*** Opening of DATA BLOCK ***

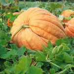 Pumpkin is a hot weather crop. They need full sun and deep, rich, well drained, organic soil with a pH of 5.5 to 6.5. Before planting, work in lots of compost. Sow seed directly outdoors from late May through early June 2.5 cm deep in hills 2.4 m apart with 4-6 seeds per hill. After germination, thin to 3 plants per hill. Seed can be started indoors 3 weeks before the plant out date. Pumpkins do not transplant well–use paper or fibre pots that can be set directly in the soil. For competition sized pumpkins, allow only two pumpkins per plant to mature. Protect mature pumpkins from frost and cold temperatures. Germination occurs in 7-10 days.
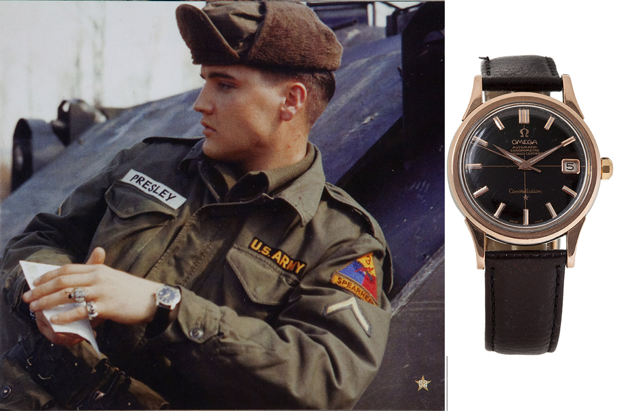 Del resto, non è l’unico orologio di Elvis a finire sotto il martelletto dei banditori. Sempre a proposito della Maison di Biel, è famoso anche un Omega Constellation con cassa in acciaio placcato oro rosa e certificato ufficiale di cronometro. Fu indossato da Elvis durante il servizio militare, periodo che poi ispirò il film Cafè Europa (G.I. Blues), del 1960, e regalato dal divo all’amico musicista Charlie Hodge. L’esemplare poi diventa un habitué delle case d’asta: messo in vendita nel 2011 da Heritage Auctions, raggiunse i 15.500 dollari; nel 2012 tornò in un incanto di Antiquorum, che lo aveva stimato fra i 10 e i 20mila dollari, ma spuntò i 52mila dollari; e nel 2014 sempre Antiquorum lo rivendette per 37.500 dollari. Quotazioni altalenanti ma di sicuro successo.
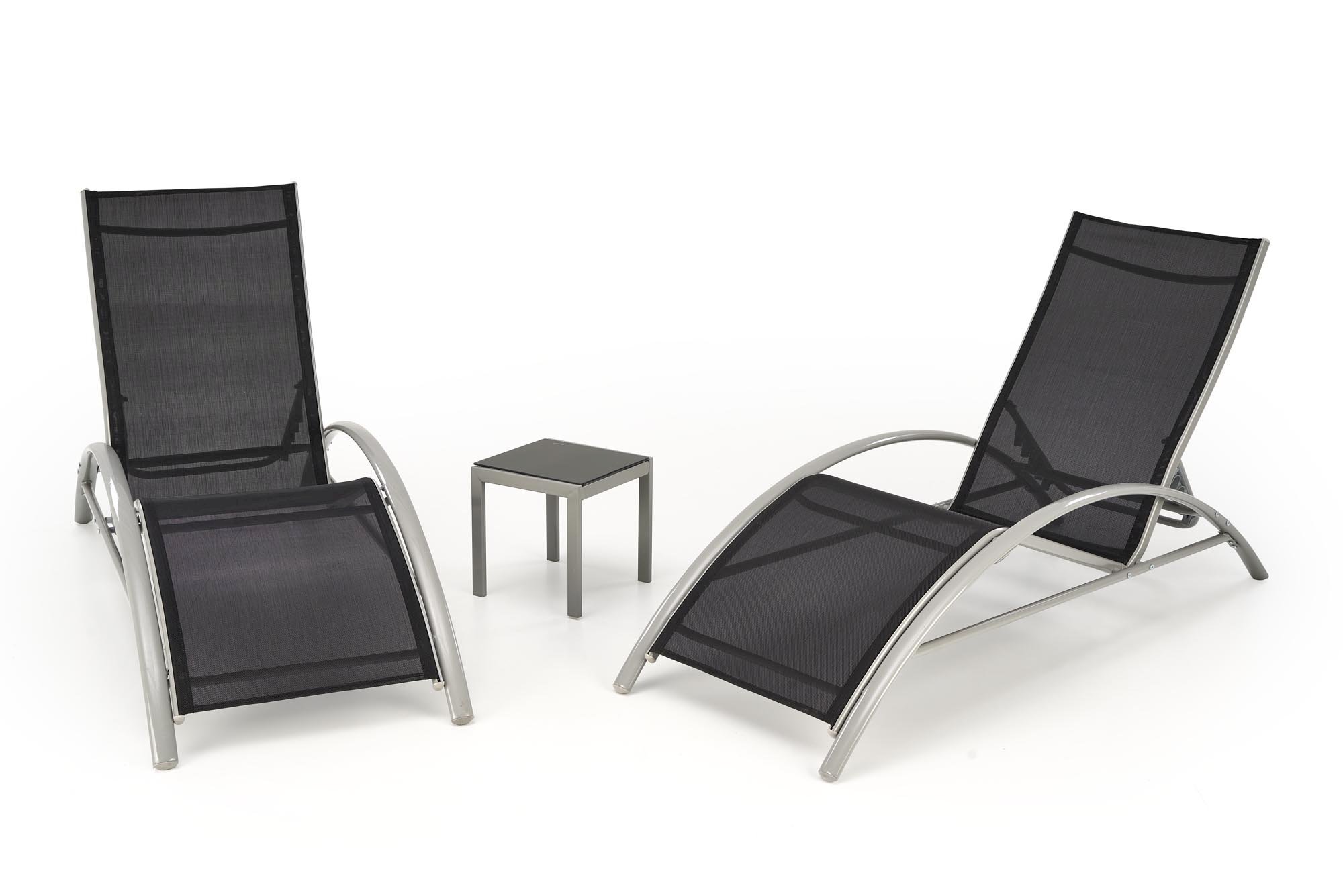 zestaw 2 leżaków ze stolikiem, wymiary: 160/60/66-92 cm - leżak, 30/30/30 cm - stolik, materiał: siatka / stal malowana proszkowo, kolor: czarny / jasny popiel

*** Close of DATA BLOCK ***

ASSIGNMENT:
The expected result is the data above in exact form, free of pictures.

ANSWER FOR THE TASK:
 Pumpkin is a hot weather crop. They need full sun and deep, rich, well drained, organic soil with a pH of 5.5 to 6.5. Before planting, work in lots of compost. Sow seed directly outdoors from late May through early June 2.5 cm deep in hills 2.4 m apart with 4-6 seeds per hill. After germination, thin to 3 plants per hill. Seed can be started indoors 3 weeks before the plant out date. Pumpkins do not transplant well–use paper or fibre pots that can be set directly in the soil. For competition sized pumpkins, allow only two pumpkins per plant to mature. Protect mature pumpkins from frost and cold temperatures. Germination occurs in 7-10 days.
 Del resto, non è l’unico orologio di Elvis a finire sotto il martelletto dei banditori. Sempre a proposito della Maison di Biel, è famoso anche un Omega Constellation con cassa in acciaio placcato oro rosa e certificato ufficiale di cronometro. Fu indossato da Elvis durante il servizio militare, periodo che poi ispirò il film Cafè Europa (G.I. Blues), del 1960, e regalato dal divo all’amico musicista Charlie Hodge. L’esemplare poi diventa un habitué delle case d’asta: messo in vendita nel 2011 da Heritage Auctions, raggiunse i 15.500 dollari; nel 2012 tornò in un incanto di Antiquorum, che lo aveva stimato fra i 10 e i 20mila dollari, ma spuntò i 52mila dollari; e nel 2014 sempre Antiquorum lo rivendette per 37.500 dollari. Quotazioni altalenanti ma di sicuro successo.
 zestaw 2 leżaków ze stolikiem, wymiary: 160/60/66-92 cm - leżak, 30/30/30 cm - stolik, materiał: siatka / stal malowana proszkowo, kolor: czarny / jasny popiel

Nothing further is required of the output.